Location
- 100 Cavs Lane Hillsville, Virginia 24343 United States
- Coordinates: 36°45′17.28″N 80°42′16.2″W﻿ / ﻿36.7548000°N 80.704500°W

Information
- School type: Public, high school
- Founded: 1969
- School district: Carroll County Public Schools
- Superintendent: Dwayne Huff
- Principal: Charles Thompson
- Grades: 9-12
- Enrollment: 1,156 (2016-17)
- Language: English
- Colors: Navy & White
- Athletics conference: 4A Three Rivers District Region IV
- Mascot: Cavalier
- Website: https://www.cchs.ccpsd.k12.va.us/

= Carroll County High School (Virginia) =

Carroll County High School is located in Carroll County, Virginia, just outside the Hillsville town limits. Carroll County High School is a four-year, public, comprehensive high school with a full range of curriculum offerings in academic and vocational subjects. The 2009 enrollment of Carroll County High School was 1158 students. The school was founded in 1969 for the consolidation of Woodlawn High School and Hillsville High School.

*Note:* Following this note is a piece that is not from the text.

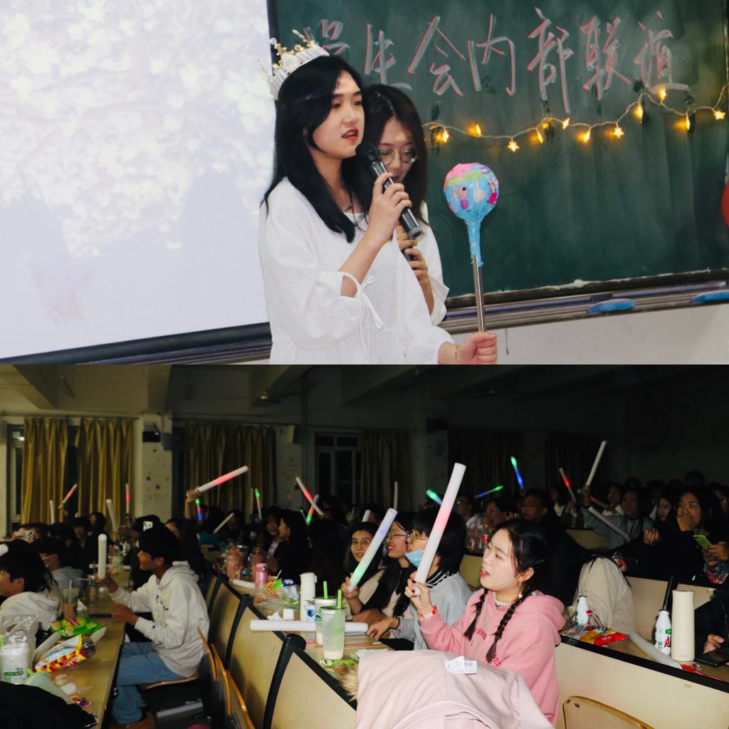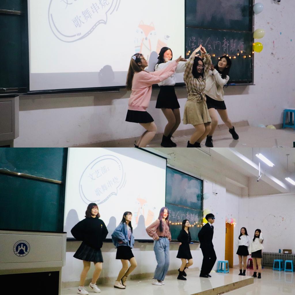 晚会中间穿插了中场小游戏,台上台下互动连连,在两位副部长的配合下,高能的击鼓传花让同学们兴奋不已。紧接着新媒体中心魔性的舞蹈《群魔乱舞》、纪检部的小品串烧《打不“通”的电话》接连上演;外联部小品及舞蹈《四大才子》和文艺部的歌舞串烧更是让全场沸腾;女生部的小品《今天我们就奔现》、宣传部的表演《好运小白马的诱惑》、民族事务部的情景剧《龙王赘婿》、大学生事务发展部的表演《好运青年真不戳》、生活卫生部联合大学生事务发展部的舞蹈《爱河》相继上演,将现场气氛推向高潮。两位学长在游戏环节的歌唱表演引起全场共鸣,大家自发地挥舞手中的荧光棒,主动应援,各部门干事在阵阵欢声笑语中打成一片。在晚会的最后,播放了各部门副部长为新干事精心录制的暖心视频,表达了对新干事诚挚的祝福和殷切的期望。

The school offers dual enrollment courses which allows high school students to earn college credit while taking high school classes, and in some cases they can graduate with an associate’s degree. The school’s girls basketball team won the state championship for their region two times in a row in the 2021-2022, 2022-2023 school year.

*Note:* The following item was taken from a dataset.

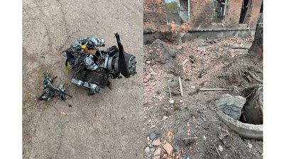 Двигун російського дрона та вирва від вибуху біля одного з об’єктів водоканалу у Ніжині. Олександр Кодола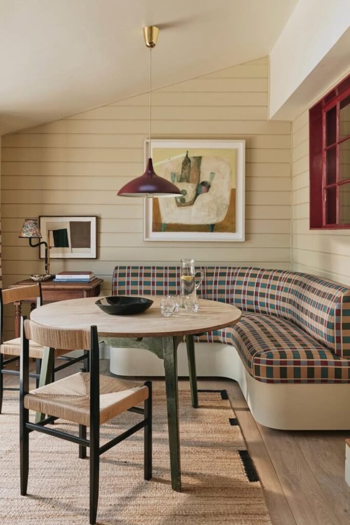 You don’t need expensive furniture to make your nook work. You can add patterned cushions, a simple pendant light, or even a second-hand bench with fresh paint.

The school was renovated in 2013 to include a new entrance known as the “fish bowl” with a new office suite, library and an addition to the school's field house. The school has finished a new project which added an auxiliary gym, four classrooms and locker rooms. This also connected the school's field house building allowing students to no longer walk outside. The project was completed around spring of 2024.